**Raw data:**
____________________
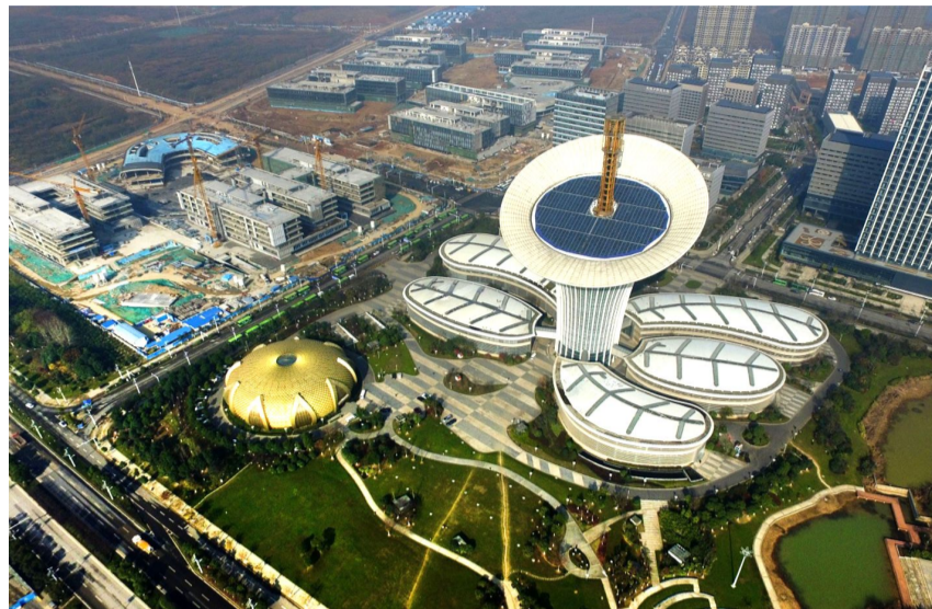
武汉东湖高新区六大园区之一的武汉未来科技城

重要“战略支点”，河南发挥“支撑作用”，安徽成为“创新极”，湖南提出“开放崛起”，红色江西绿色崛起，山西争当能源革命排头兵。 5年内，百万大学生留汉创业就业、百万校友资智回汉……武汉“双百万”计划一经推出，立即引爆全国新一轮“人才争夺战”。新规施行至今100余天，已有5万多名大学生落户武汉。各地“求才若渴”之心，成为当前中部省市抢抓机遇、加快发展的生动注脚。
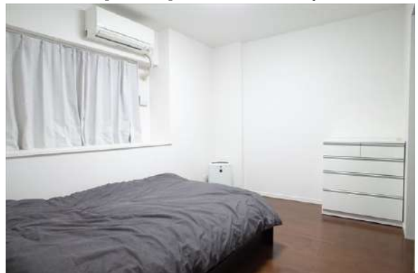
【洋室】形の良い6.5帖の寝室。
____________________
**Your objective:** Pictures stay out; everything else in the listing above gets restated word for word.

**Exercise output:**
武汉东湖高新区六大园区之一的武汉未来科技城

重要“战略支点”，河南发挥“支撑作用”，安徽成为“创新极”，湖南提出“开放崛起”，红色江西绿色崛起，山西争当能源革命排头兵。 5年内，百万大学生留汉创业就业、百万校友资智回汉……武汉“双百万”计划一经推出，立即引爆全国新一轮“人才争夺战”。新规施行至今100余天，已有5万多名大学生落户武汉。各地“求才若渴”之心，成为当前中部省市抢抓机遇、加快发展的生动注脚。
【洋室】形の良い6.5帖の寝室。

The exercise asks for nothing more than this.